* EXERCISE DIRECTIONS:
Among the entries below, copy only the span from the line containing "v nedeljo smo" through the line containing "模特表演《衣舞飞扬》时而清新". Do so exactly, and skip the pictures.

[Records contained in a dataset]
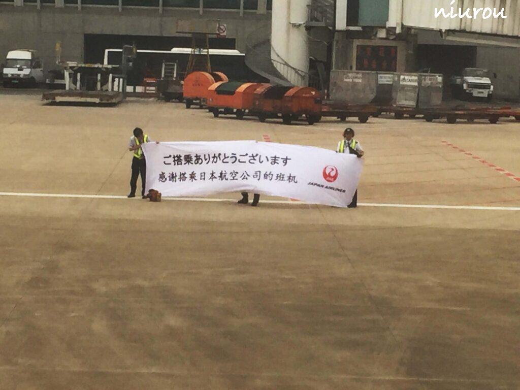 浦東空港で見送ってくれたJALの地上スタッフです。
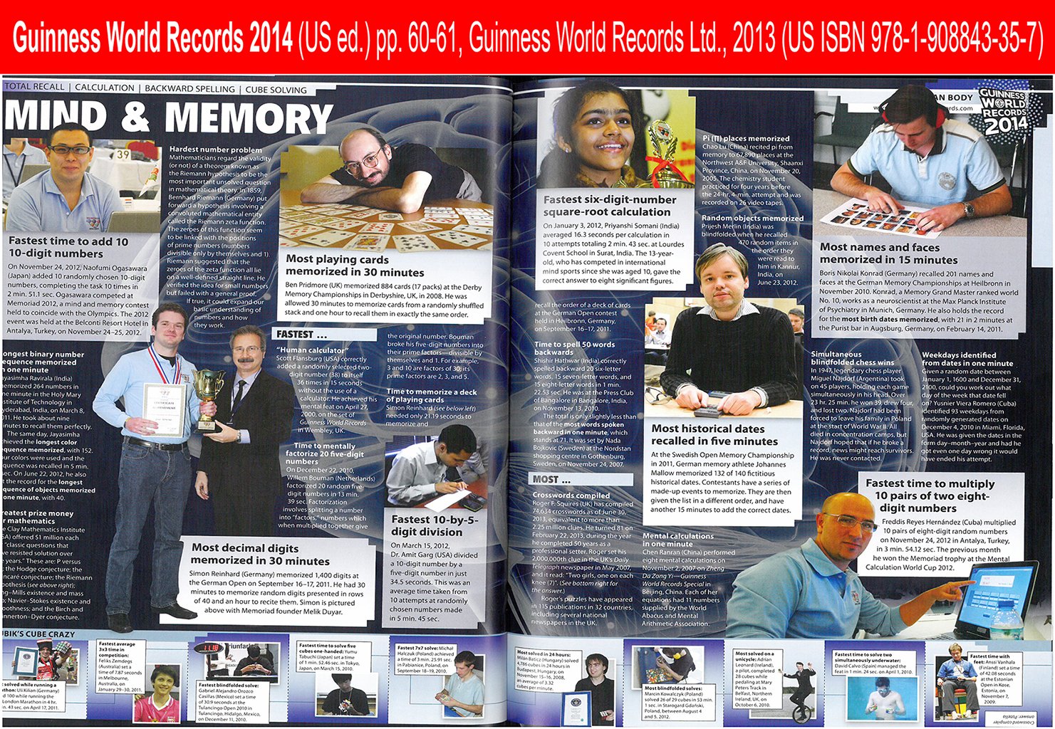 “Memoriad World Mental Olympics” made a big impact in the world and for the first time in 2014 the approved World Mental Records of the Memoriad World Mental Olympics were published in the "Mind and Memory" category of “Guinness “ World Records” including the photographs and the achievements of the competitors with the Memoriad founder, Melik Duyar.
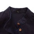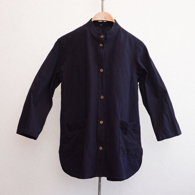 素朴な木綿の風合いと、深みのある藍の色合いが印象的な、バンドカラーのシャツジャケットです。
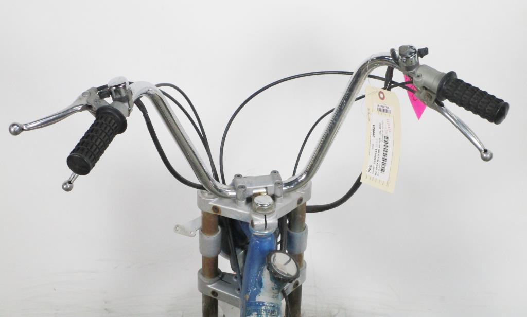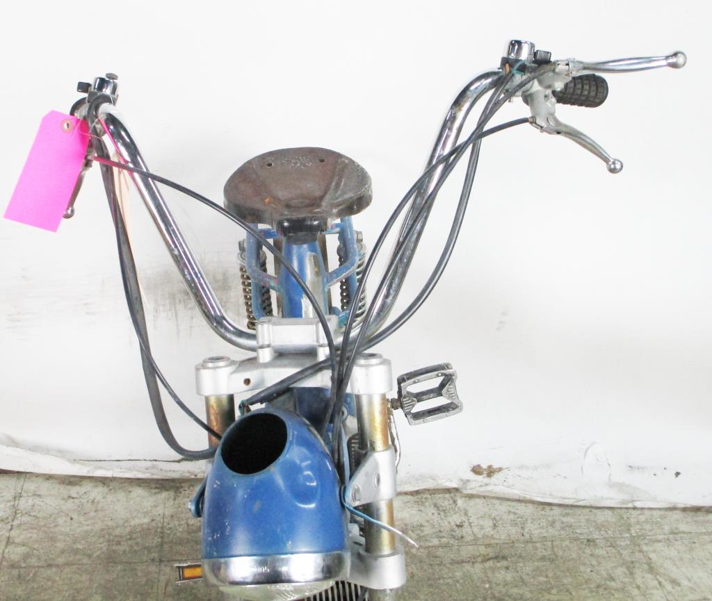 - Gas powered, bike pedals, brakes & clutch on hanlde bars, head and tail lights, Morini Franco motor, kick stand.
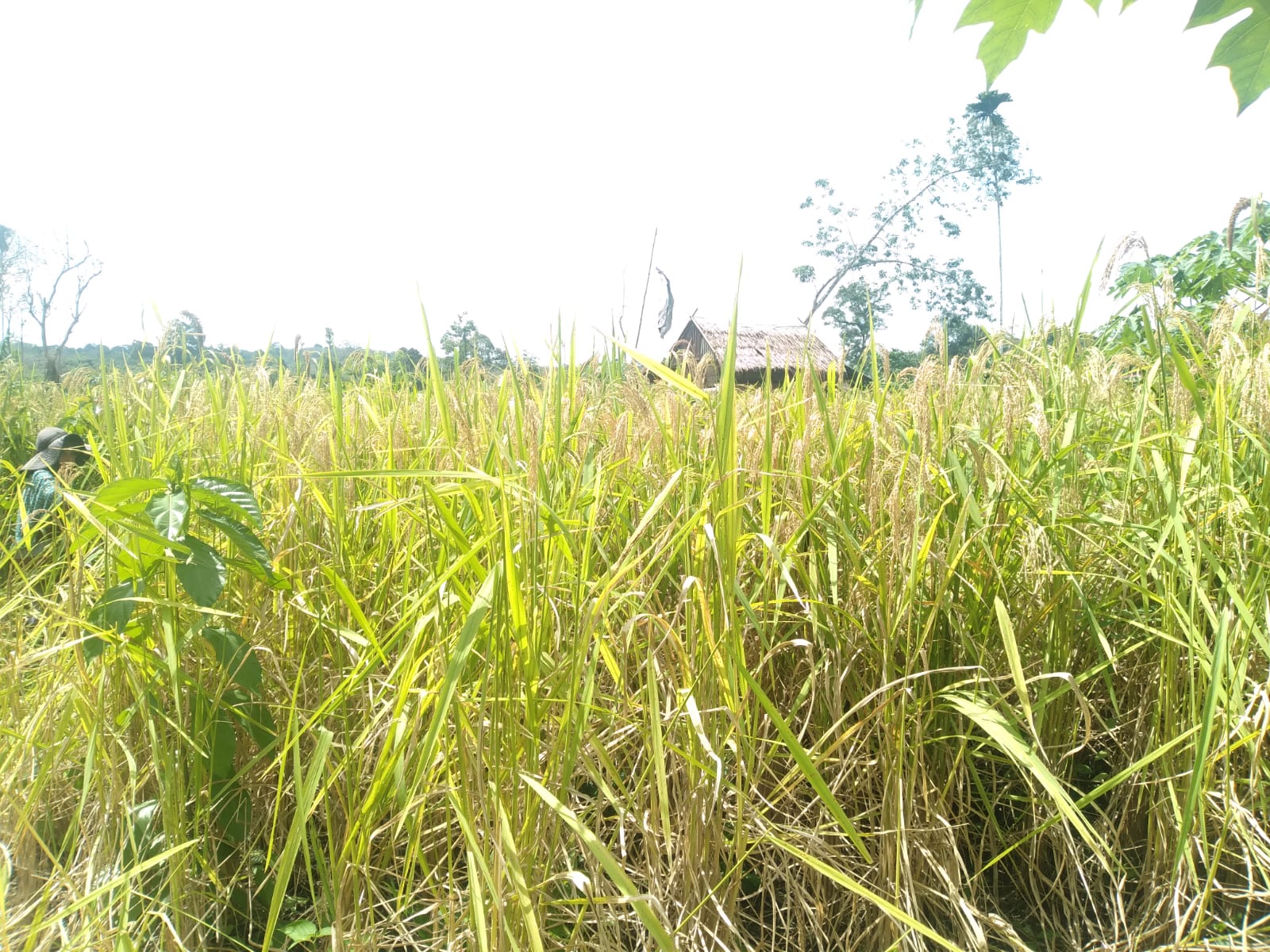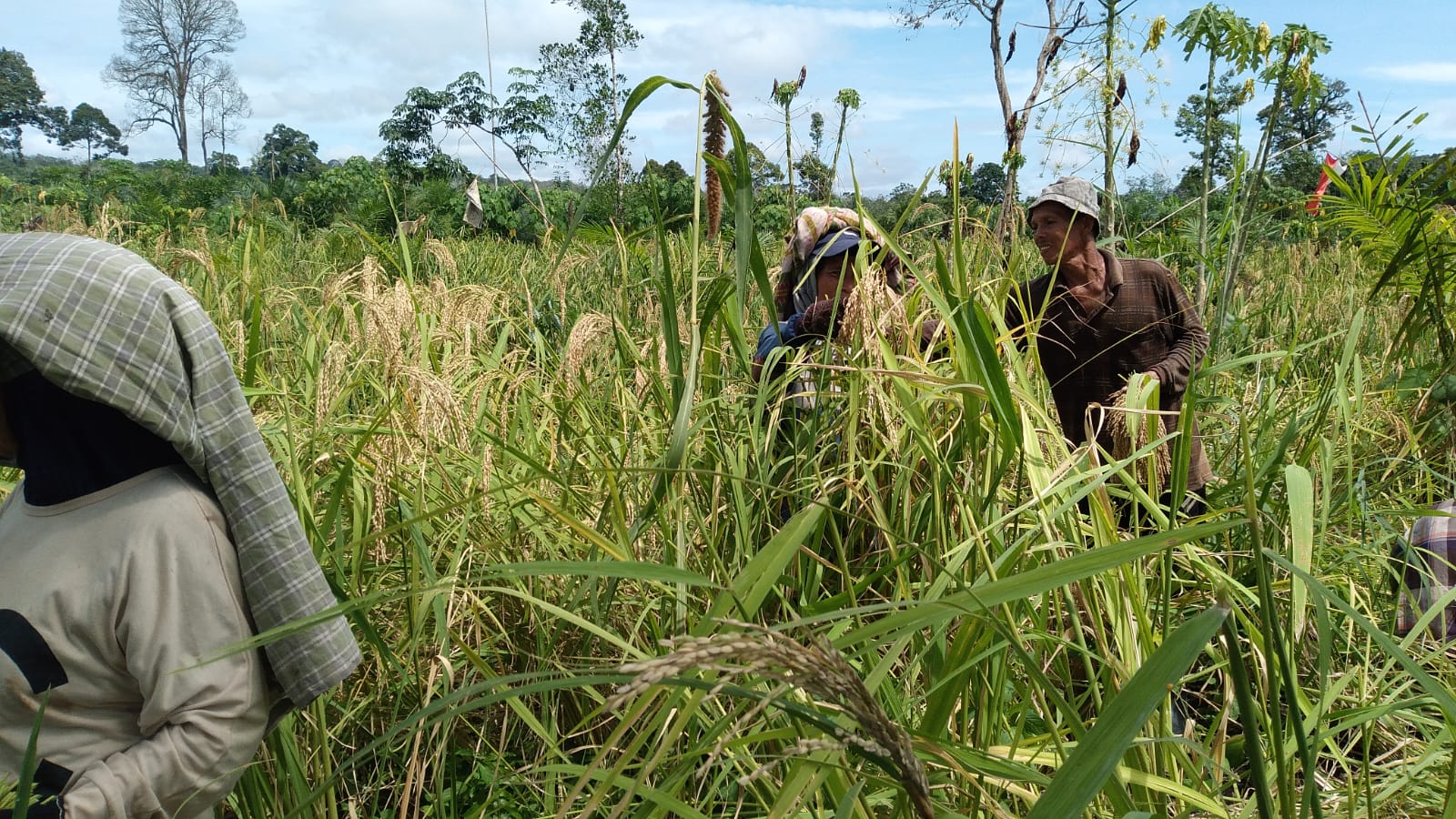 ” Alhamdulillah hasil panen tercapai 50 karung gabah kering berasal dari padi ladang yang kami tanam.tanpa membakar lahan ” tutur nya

---

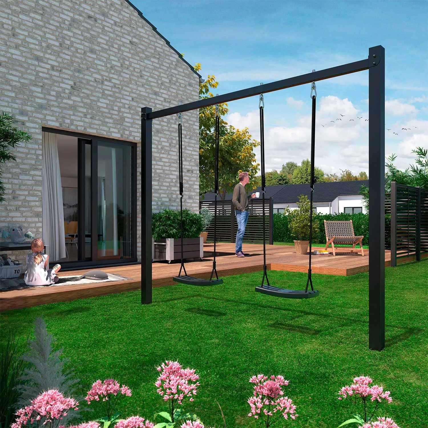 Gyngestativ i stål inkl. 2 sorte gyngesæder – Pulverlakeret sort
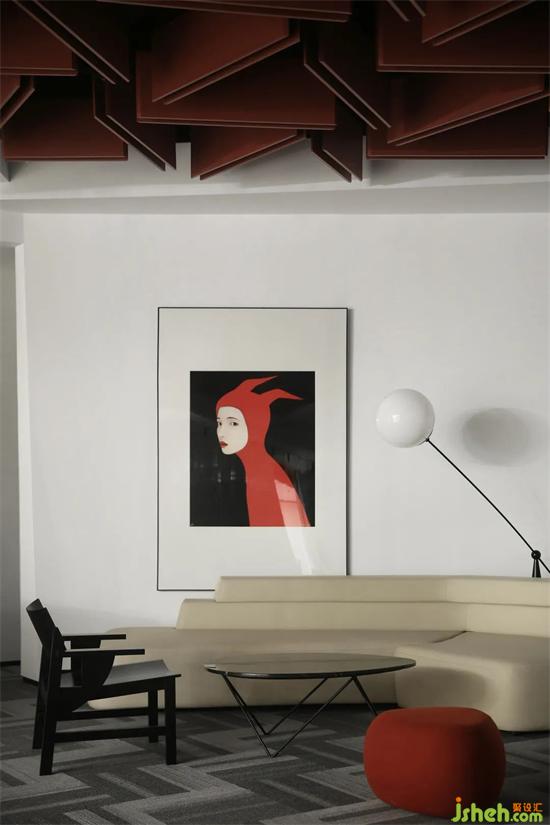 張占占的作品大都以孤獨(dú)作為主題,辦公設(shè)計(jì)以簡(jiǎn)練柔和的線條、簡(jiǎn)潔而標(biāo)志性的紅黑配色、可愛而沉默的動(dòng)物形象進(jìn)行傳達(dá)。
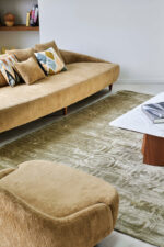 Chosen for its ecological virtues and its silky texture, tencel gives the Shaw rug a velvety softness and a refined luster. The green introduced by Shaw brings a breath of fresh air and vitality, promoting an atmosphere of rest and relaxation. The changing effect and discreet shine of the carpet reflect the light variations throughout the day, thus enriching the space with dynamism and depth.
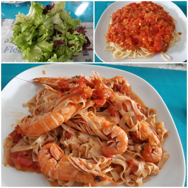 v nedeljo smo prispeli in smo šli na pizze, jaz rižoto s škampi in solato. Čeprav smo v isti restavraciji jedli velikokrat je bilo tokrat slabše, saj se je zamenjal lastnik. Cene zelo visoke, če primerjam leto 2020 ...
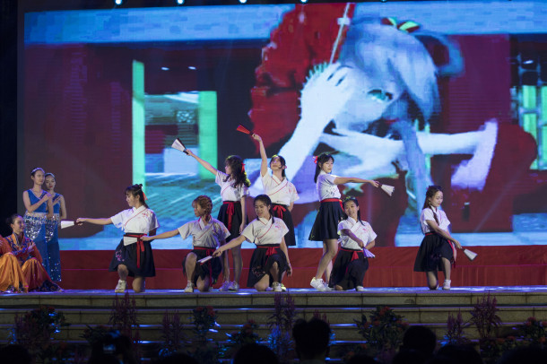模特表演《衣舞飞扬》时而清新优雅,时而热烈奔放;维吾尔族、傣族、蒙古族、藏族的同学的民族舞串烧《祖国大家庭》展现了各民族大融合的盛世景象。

* ANSWER FOR THE TASK:
 v nedeljo smo prispeli in smo šli na pizze, jaz rižoto s škampi in solato. Čeprav smo v isti restavraciji jedli velikokrat je bilo tokrat slabše, saj se je zamenjal lastnik. Cene zelo visoke, če primerjam leto 2020 ...
模特表演《衣舞飞扬》时而清新优雅,时而热烈奔放;维吾尔族、傣族、蒙古族、藏族的同学的民族舞串烧《祖国大家庭》展现了各民族大融合的盛世景象。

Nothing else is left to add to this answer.